Download or read book Islam and the Rule of Justice written by Lawrence Rosen and published by University of Chicago Press. This book was released on 2018-03-13 with total page 293 pages. Available in PDF, EPUB and Kindle. Book excerpt: In the West, we tend to think of Islamic law as an arcane and rigid legal system, bound by formulaic texts yet suffused by unfettered discretion. While judges may indeed refer to passages in the classical texts or have recourse to their own orientations, images of binding doctrine and unbounded choice do not reflect the full reality of the Islamic law in its everyday practice. Whether in the Arabic-speaking world, the Muslim portions of South and Southeast Asia, or the countries to which many Muslims have migrated, Islamic law works is readily misunderstood if the local cultures in which it is embedded are not taken into account. With Islam and the Rule of Justice, Lawrence Rosen analyzes a number of these misperceptions. Drawing on specific cases, he explores the application of Islamic law to the treatment of women (who win most of their cases), the relations between Muslims and Jews (which frequently involve close personal and financial ties), and the structure of widespread corruption (which played a key role in prompting the Arab Spring).
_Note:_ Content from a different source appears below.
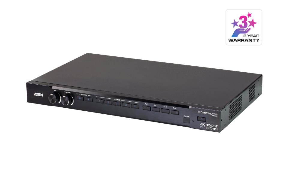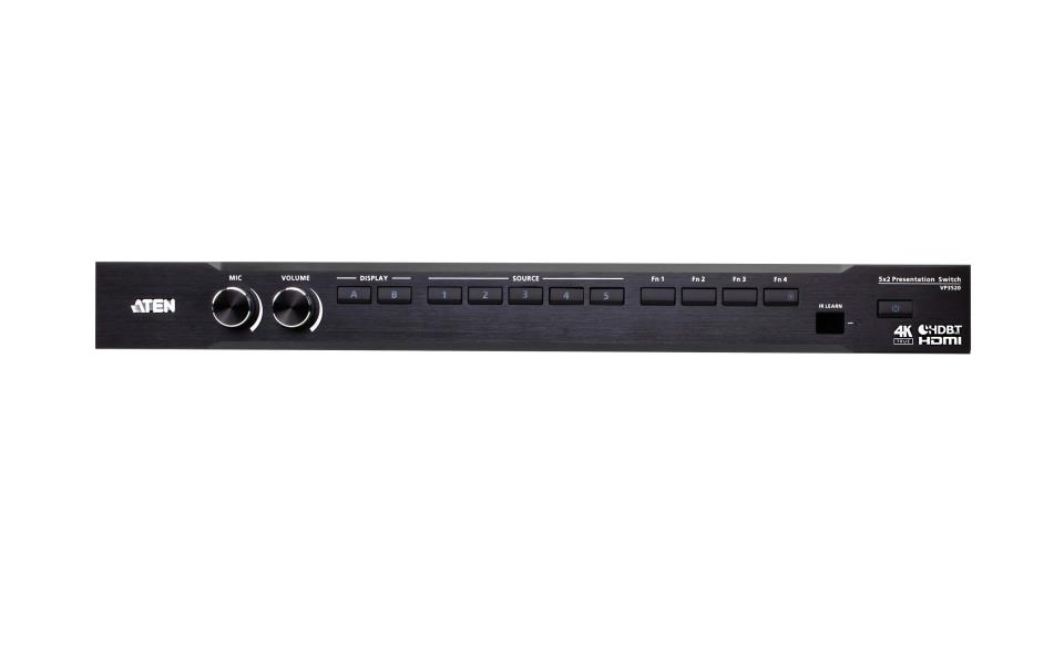 ATEN VP3520 is a multi-in-one presentation matrix switch that integrates a video matrix switch, 4K scaler, HDBaseT extender, and audio DSP functions into one compact device that easily mounts under a table or in a rack. The VP3520 seamless presentation matrix switch with control features the True 4K video resolutions of 4096 x 2160 / 3840 x 2160 @ 60 Hz (4:4:4) and HDR technology, guaranteeing crystal-clear images across two displays. The VP3520 supporting 4K @ 60 Hz, HDMI, and HDCP 2.2 features Seamless Switch™ that employs an FPGA matrix architecture that ensures continuous video streams, real-time control, and stable signal transmissions. With a built-in high-performance 4K scaler, the VP3520 easily converts various input resolutions into various output display resolutions, giving viewers the best video and picture quality across the two displays.
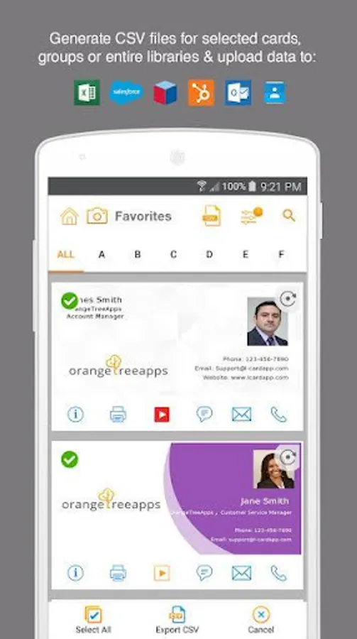 * Directly Export cards to Salesforce, Google Contacts and Outlook. Create CSV files and upload data into your favorite CRM.

From these case studie the role of informal mechanisms in the resolution of local disputes. The author also provides a close reading of the trial of Zacarias Moussaoui, who was charged in an American court with helping to carry out the 9/11 attacks, using insights into how Islamic justice works to explain the defendant’s actions during the trial. The book closes with an examination of how Islamic cultural concepts may come to bear on the constitutional structure and legal reforms many Muslim countries have been undertaking.